Top of Data

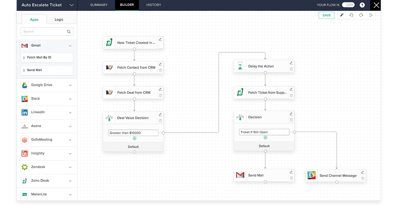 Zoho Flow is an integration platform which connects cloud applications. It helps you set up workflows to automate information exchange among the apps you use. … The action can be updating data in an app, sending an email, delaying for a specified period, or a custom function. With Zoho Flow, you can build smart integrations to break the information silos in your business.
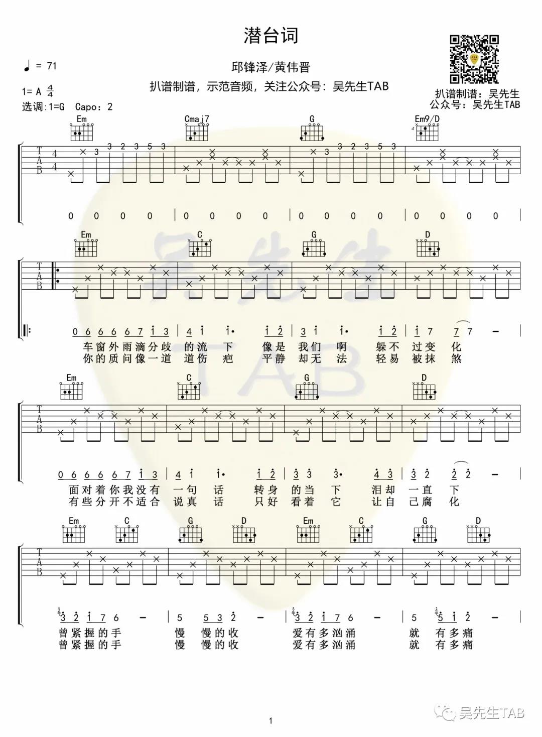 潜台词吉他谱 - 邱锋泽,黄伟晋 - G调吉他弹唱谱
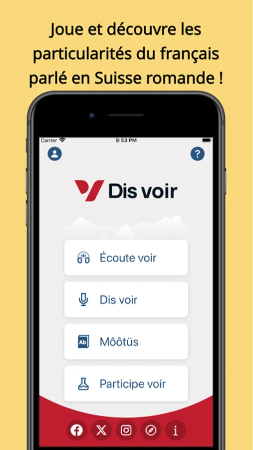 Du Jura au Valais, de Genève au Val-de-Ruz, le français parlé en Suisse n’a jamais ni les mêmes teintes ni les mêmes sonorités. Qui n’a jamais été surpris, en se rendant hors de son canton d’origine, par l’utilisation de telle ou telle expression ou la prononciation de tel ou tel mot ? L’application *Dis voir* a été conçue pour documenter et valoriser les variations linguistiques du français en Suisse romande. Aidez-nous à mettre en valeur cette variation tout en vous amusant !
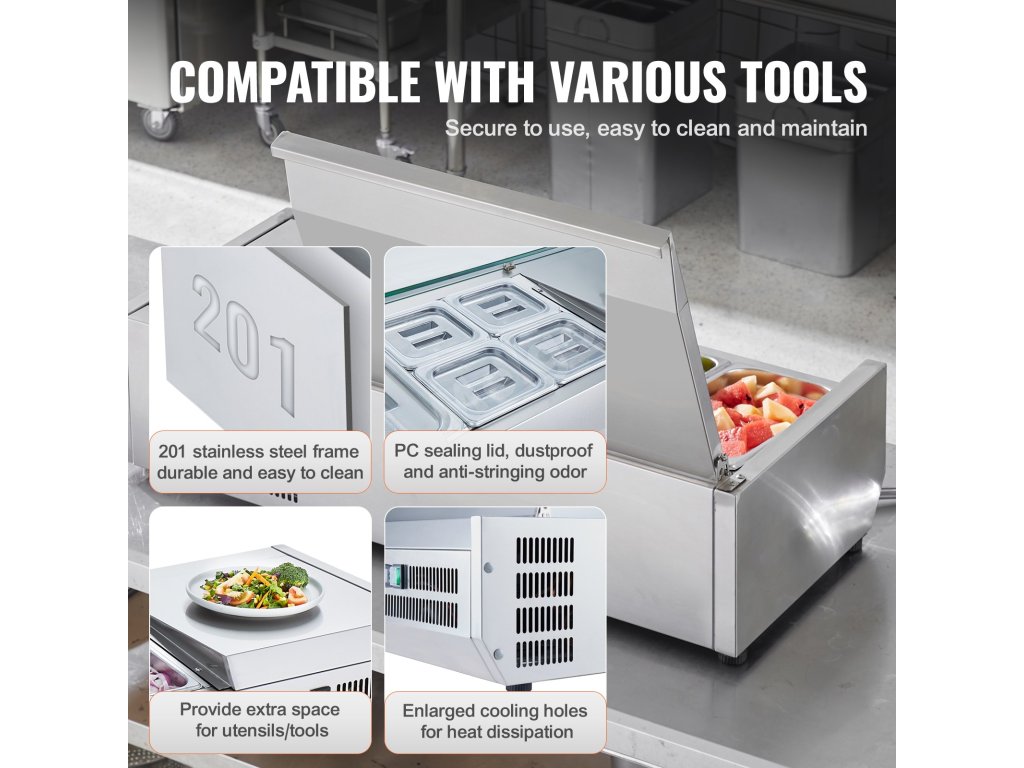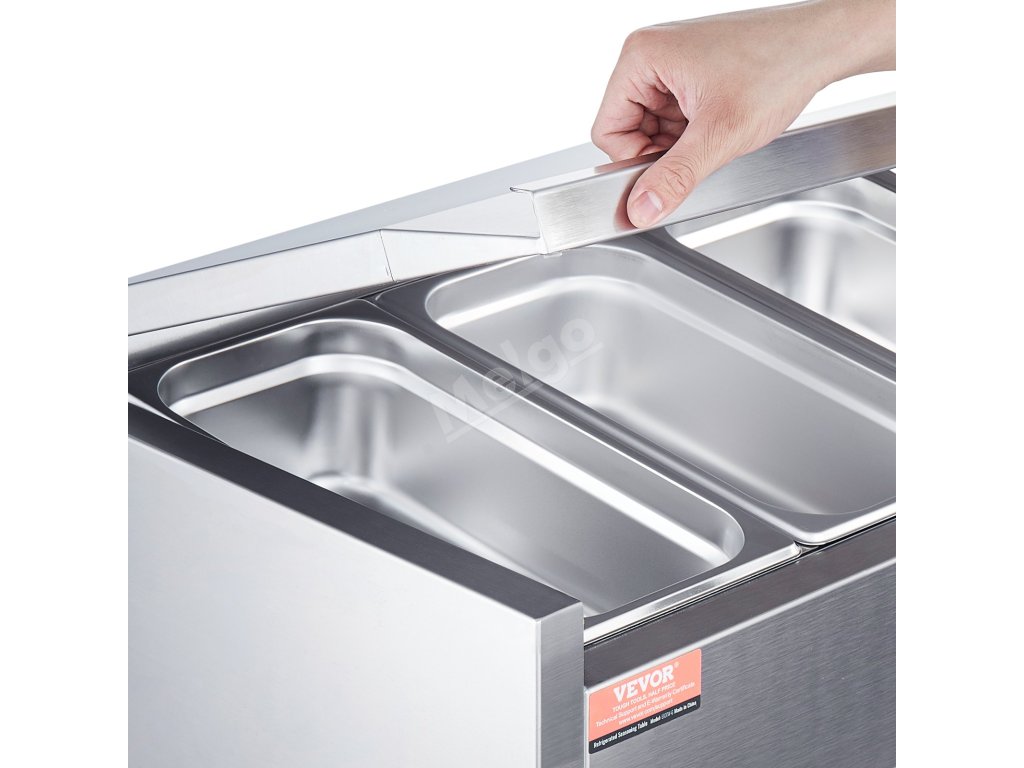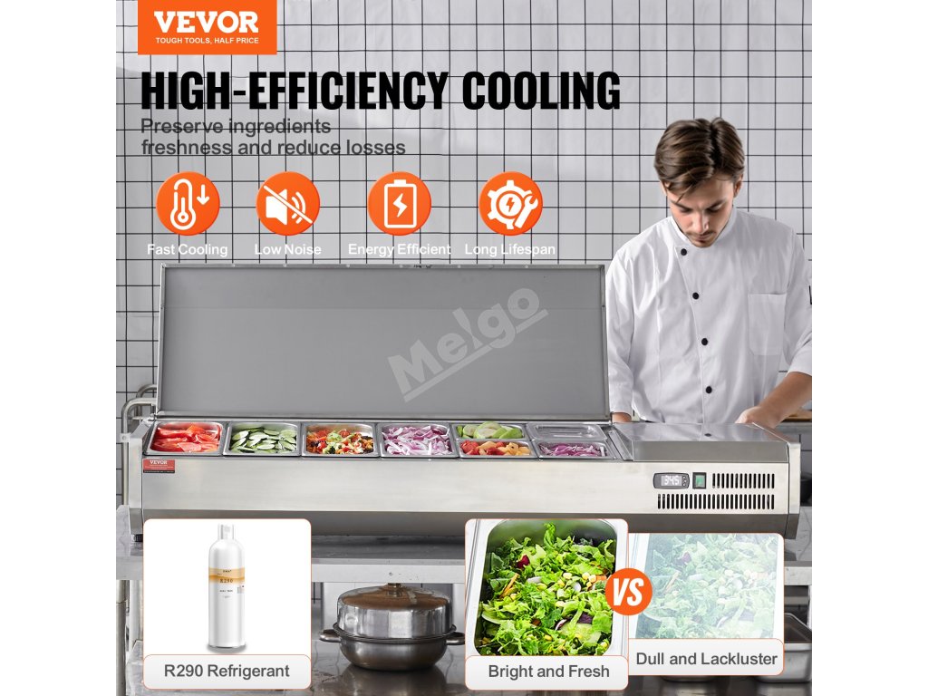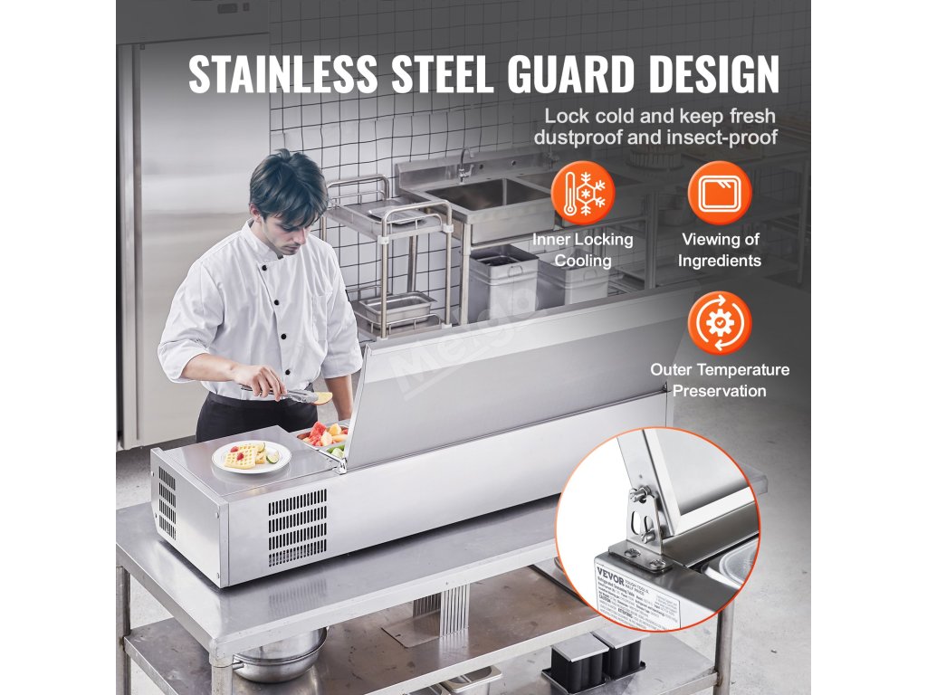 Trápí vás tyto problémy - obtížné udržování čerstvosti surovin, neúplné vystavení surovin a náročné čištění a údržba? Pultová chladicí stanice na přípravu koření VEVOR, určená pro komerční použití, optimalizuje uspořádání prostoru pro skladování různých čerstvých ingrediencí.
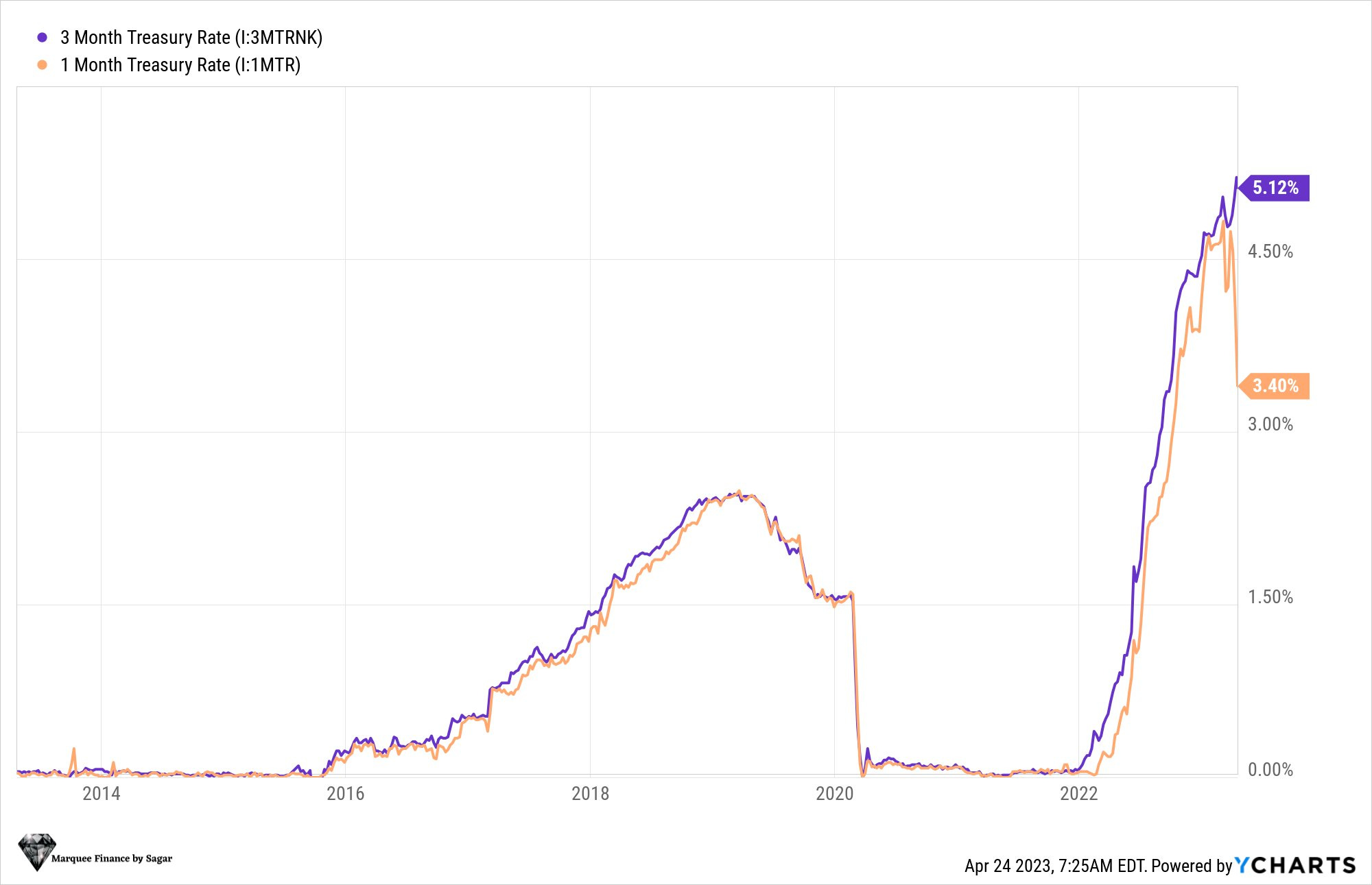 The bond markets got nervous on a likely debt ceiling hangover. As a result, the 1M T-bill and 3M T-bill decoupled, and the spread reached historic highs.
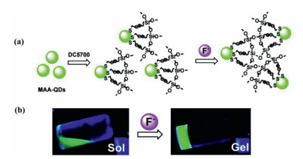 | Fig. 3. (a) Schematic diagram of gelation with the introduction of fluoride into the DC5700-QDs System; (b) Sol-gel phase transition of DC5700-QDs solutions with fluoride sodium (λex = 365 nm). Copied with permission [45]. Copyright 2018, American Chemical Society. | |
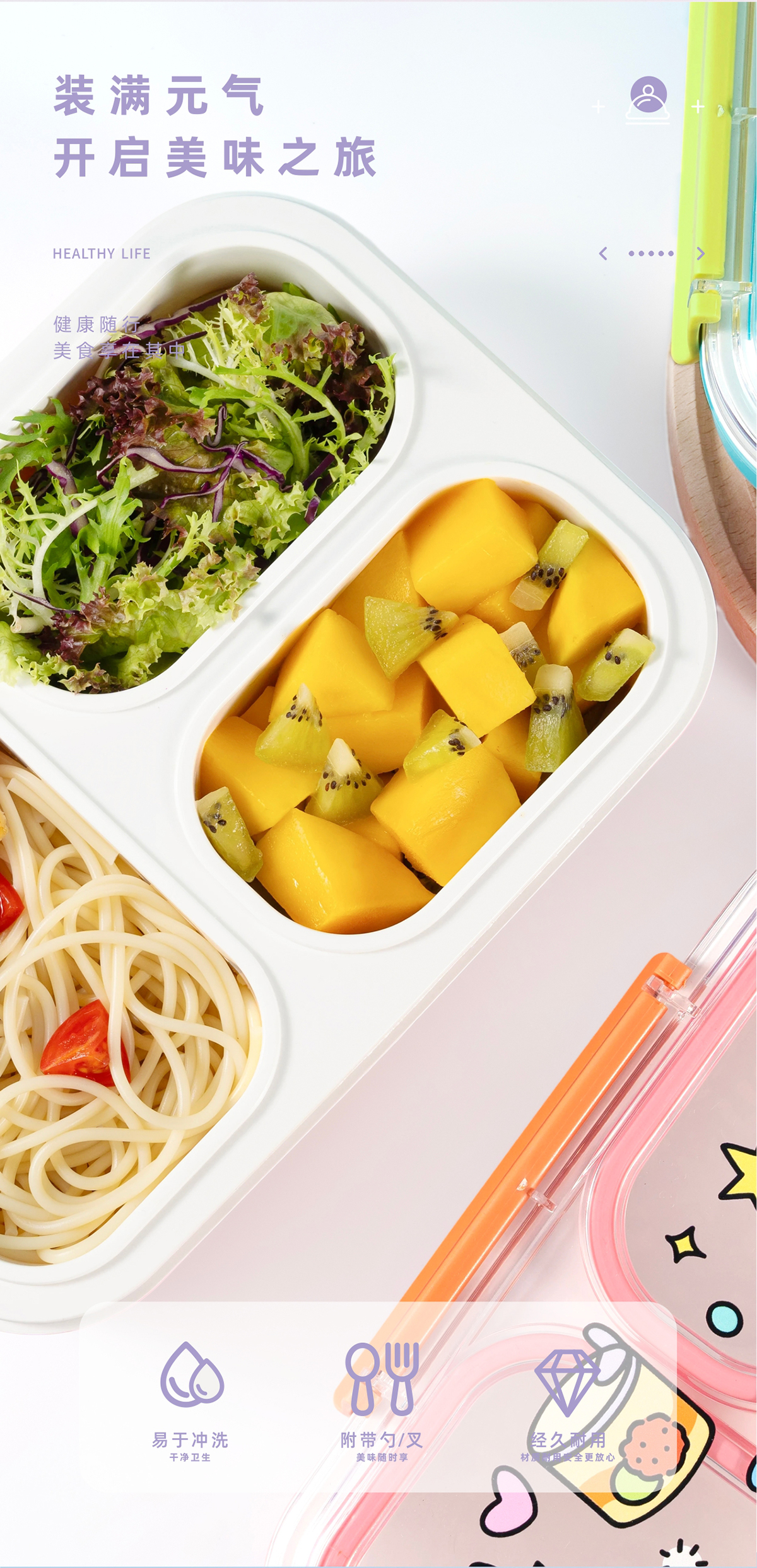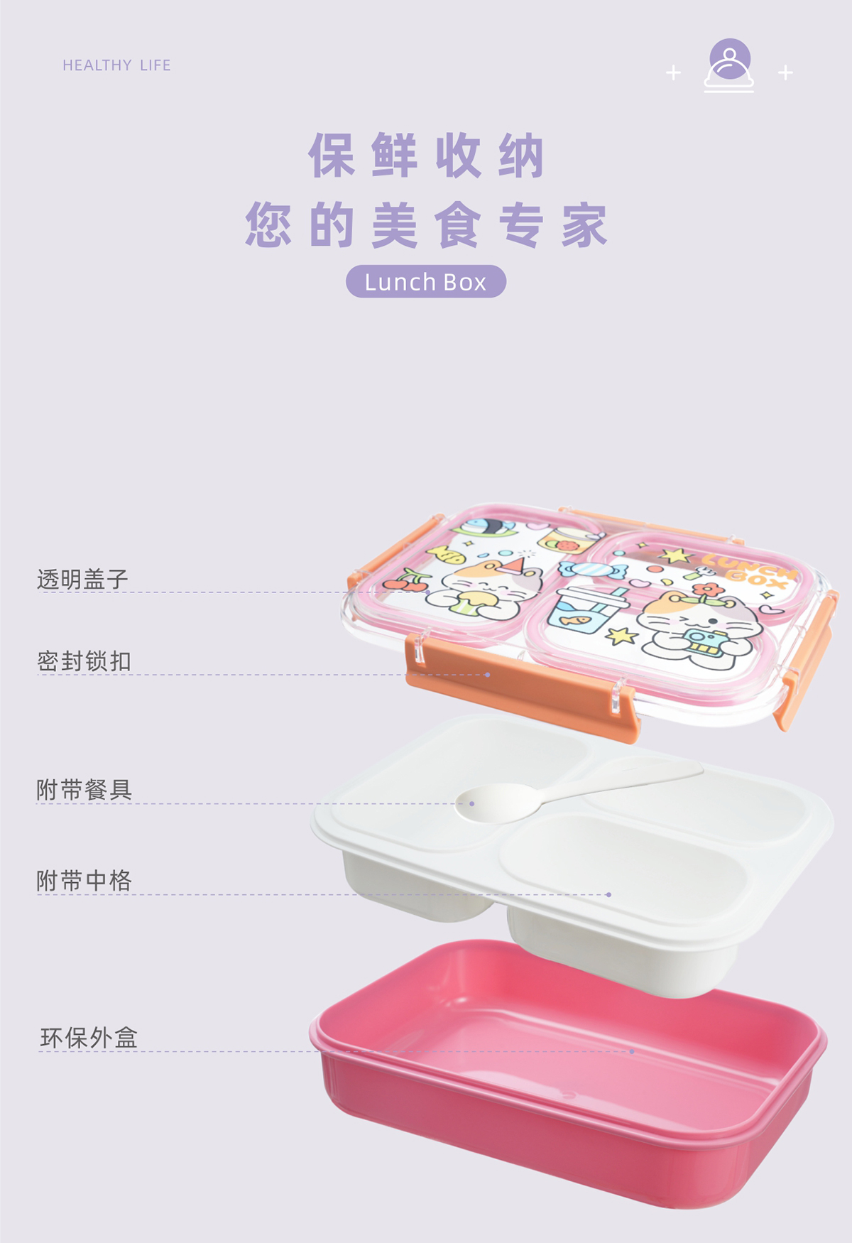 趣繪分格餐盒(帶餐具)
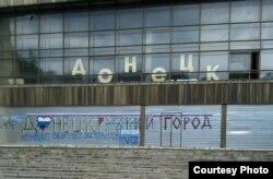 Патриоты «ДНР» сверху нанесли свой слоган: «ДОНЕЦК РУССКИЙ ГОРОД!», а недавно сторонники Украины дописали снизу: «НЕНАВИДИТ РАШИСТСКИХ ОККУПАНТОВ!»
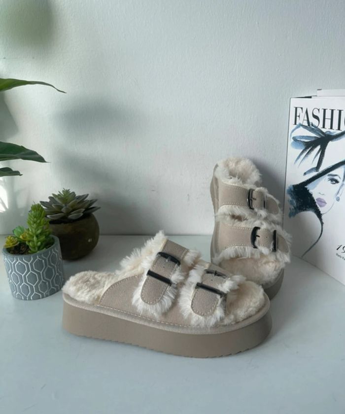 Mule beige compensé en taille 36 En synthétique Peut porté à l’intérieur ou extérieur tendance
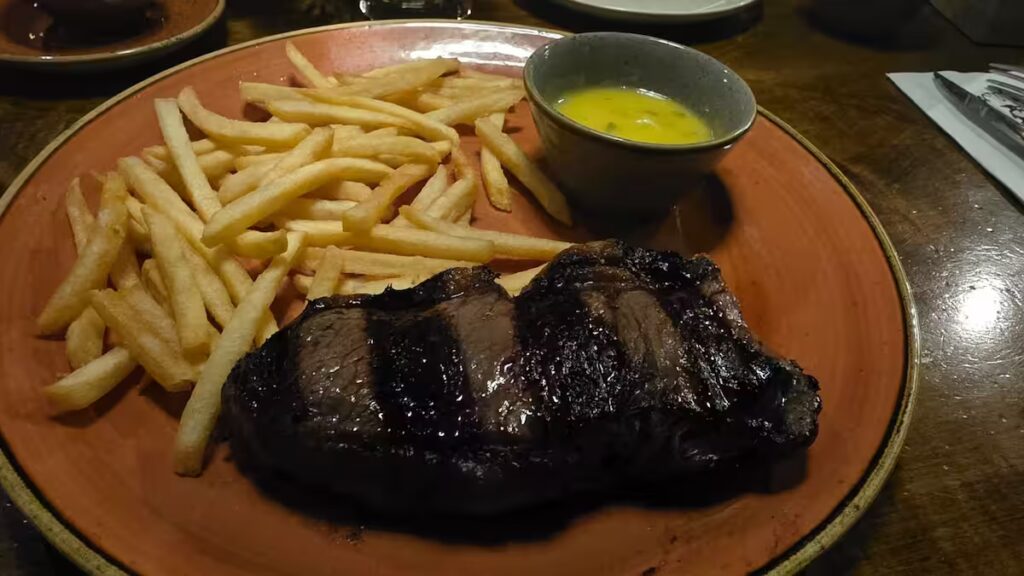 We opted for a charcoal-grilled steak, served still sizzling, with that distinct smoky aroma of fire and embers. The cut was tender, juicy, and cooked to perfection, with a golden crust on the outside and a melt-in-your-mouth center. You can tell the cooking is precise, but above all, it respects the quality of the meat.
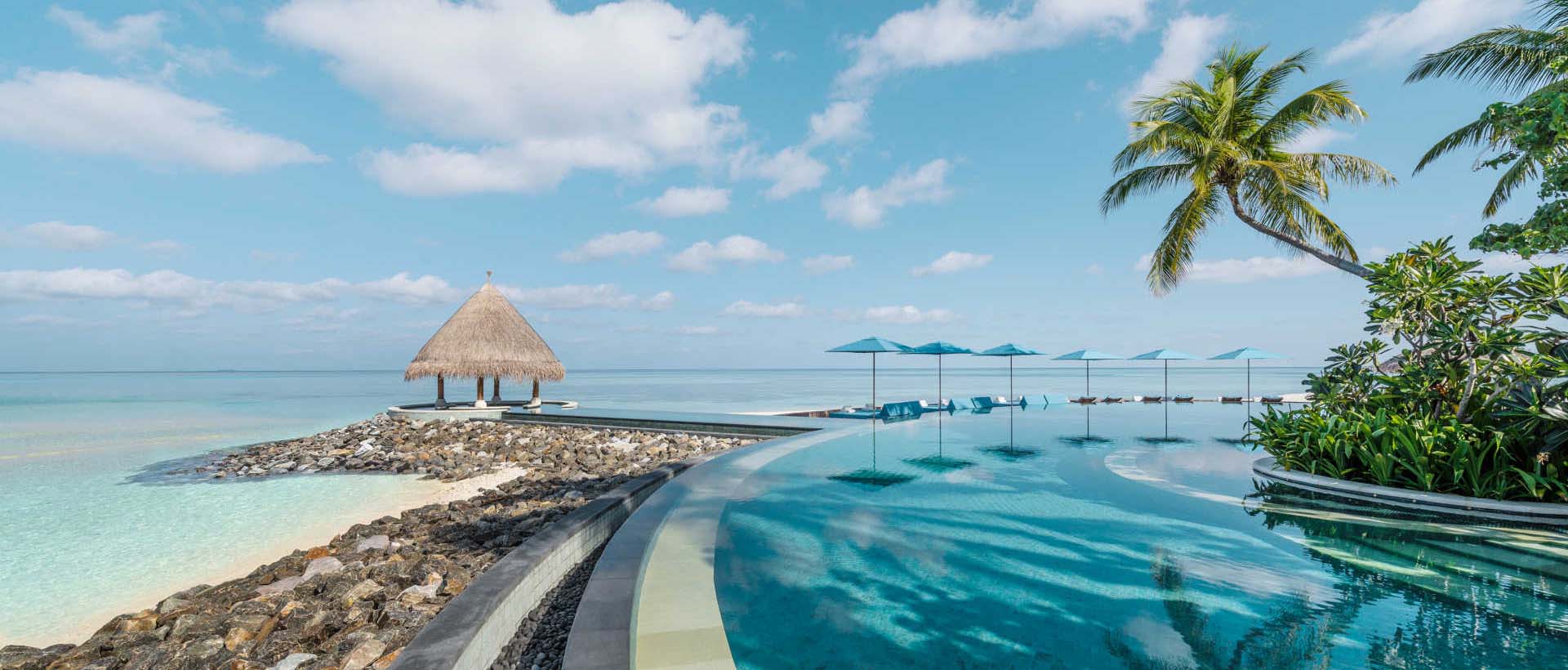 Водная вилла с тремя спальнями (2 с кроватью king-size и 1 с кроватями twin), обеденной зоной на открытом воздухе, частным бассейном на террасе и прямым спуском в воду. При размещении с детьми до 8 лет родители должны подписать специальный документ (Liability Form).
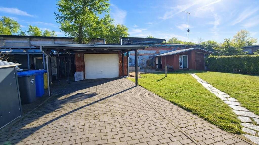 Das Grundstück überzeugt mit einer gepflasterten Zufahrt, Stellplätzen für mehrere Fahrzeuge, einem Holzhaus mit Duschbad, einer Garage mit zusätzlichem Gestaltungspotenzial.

Bottom of Data

In the records above, find the line containing "We opted for". Reproduce it and every line after it through the last line, omitting pictures.

 We opted for a charcoal-grilled steak, served still sizzling, with that distinct smoky aroma of fire and embers. The cut was tender, juicy, and cooked to perfection, with a golden crust on the outside and a melt-in-your-mouth center. You can tell the cooking is precise, but above all, it respects the quality of the meat.
 Водная вилла с тремя спальнями (2 с кроватью king-size и 1 с кроватями twin), обеденной зоной на открытом воздухе, частным бассейном на террасе и прямым спуском в воду. При размещении с детьми до 8 лет родители должны подписать специальный документ (Liability Form).
 Das Grundstück überzeugt mit einer gepflasterten Zufahrt, Stellplätzen für mehrere Fahrzeuge, einem Holzhaus mit Duschbad, einer Garage mit zusätzlichem Gestaltungspotenzial.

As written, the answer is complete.